This April, join us as we take a deep dive into the future of food. Here's where now meets next.
It's the middle of the afternoon at Avant Garden, an enchanting new restaurant in New York City's East Village where a wall of open windows brings the outside in. TLC, K-Ci & JoJo and other 90s stars play on the stereo system, as chef Alex Aparicio describes his vegan menu of dishes like avocado chunks dressed in ramp pesto topped with spears of white asparagus and strawberries, and a spicy carrot toast with harissa, apple and whipped tofu cream (see the recipe).
When asked about the fake meat that was served at vegan and vegetarian restaurants back when "Waterfalls" first hit the radio waves, he says, "It's never going to be the right fit here. I want to do something that no one's done before."
The New Vedge Tables
Aparicio isn't alone. A crew of chefs have recently picked up the reins from where the vegetable-forward craze left off. They are pushing the cuisine forward, taking meat and often all animal products, including dairy, out of their restaurant's pantries entirely, replacing them with a host of vegetables that have been cured, braised, smoked or roasted until they reveal hidden depths of flavors that even adventurous diners may have never come across.
"There's a new idea of veganism as cool," says Rich Landau of Vedge and V Street in Philadelphia, who has been cooking vegan food since he opened his restaurant Horizons in 1994. "My chef friends used to look at me with a raised eyebrow; now they're seeing the benefits of it."
"[Vegan and vegetarian restaurants] lacked style or fun—or sex appeal," John Fraser, who has served a vegetarian tasting menu on Mondays at NYC's Dovetail for five years, adds. So when he opened Nix, a completely vegetarian restaurant just south of Union Square, in late February, all of those things were taken into consideration: With a large skylight, pops of color and dishes like shiitake cacio e pepe with polenta and salsify, Nix fits comfortably into the mold of today's cool restaurants.
The Diet of a Chef
Much of this wave of vegetable-driven change is coming from the chefs' lives outside of the restaurant kitchen. Fraser; Joe Yardley, chef de cuisine of the just-opened Agern in New York City; and Landau all maintain a primarily vegan or vegetarian diet outside of work, and Aparicio says he eats meat just once a week or when his mother cooks for him.
Fraser, for one, started questioning his diet a couple of years ago: "Why have bacon on my breakfast sandwich?
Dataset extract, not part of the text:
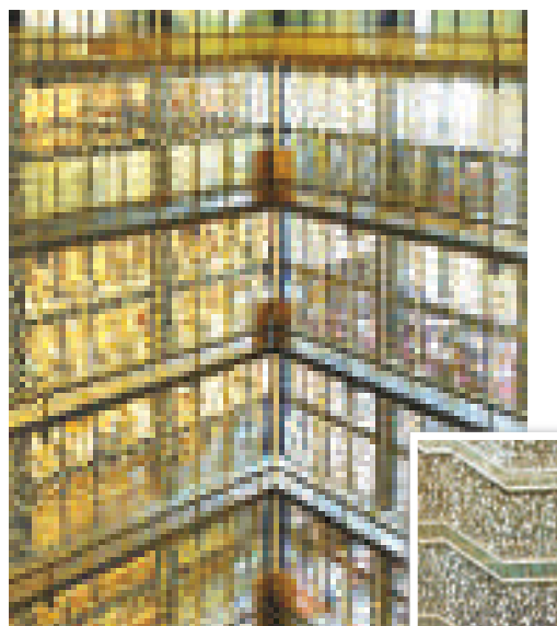
▲紐約大學博布斯特圖書館裝上20英尺的高金色金屬圍欄，以防止學生跳樓自殺 《紐約郵報》

裸照事件發生於拉斯維加斯一家五星級酒店 《每日郵報》 英民眾撐率真王子 哈里王子的這一行為是否會損害英王室的形象？ ■是的，他代表了英王室，這樣的舉止是完全不適宜的。23.28% (1462票) ■不會，他只是一個普通年輕人，而他這樣率真的表現對王室反而更好。46.48% (2919票) ■他全裸其實不算什麼，但被拍了照片就很愚蠢了。28.11% (1765票) ■我絕不認同此類事情。2.13% (134票) 《每日電訊報》

I know enough to know it comes from a factory farm pig, and it doesn't taste that great." For Yardley, who offers a vegetarian tasting menu at Agern, the move last year to become vegan came out of a desire to live more sustainably. Even the chefs for whom a vegetable-based diet is a lifelong commitment, the dogmatic nature of that choice seems to have quieted down in recent years, opening these dining rooms to a broader swath of diners. "There are people who will come to a vegetable restaurant but wouldn't be caught dead in a vegan restaurant," Landau argues.
The choice to bring that philosophy into their restaurants has also become a tool for these chefs to push themselves creatively. "A steak will always be a steak," Yardley says. "You can do so much more with vegetables, and you get different stages of that actual vegetable," he adds, pointing out the different parts and life phases of a ramp.
Landau says, "It's almost lazy to cover up vegetables with animal products. We have to really think how to make it taste good without them."
The result are dishes where vegetables are often cooked multiple ways over the course of several days, creating layers of complex flavors, from Agern's pine soufflé with skyr granita to ceviche-like cubes of salt-roasted sweet potato served with a pool of spicy jalapeño, lime and herb dressing at Avant Garden.
This cooking, however, isn't without its challenges. At the more hard-core spots, there's no butter to rely on or fried eggs to hide under. Dishes like an artichoke one that Aparicio is working on can take weeks to develop. And once ready to serve, they don't always translate to every diner. "People who get it love it. People who don't get it hate it. There's no in between," Aparicio says.
Still, many of these chefs talk of a day when the cuisine reaches a tipping point. "When the space fills up with great chefs and restaurants," Fraser says, diners going out with friends will consider their options for a dinner and—perhaps taking a cue from our childhoods—choose to eat their vegetables.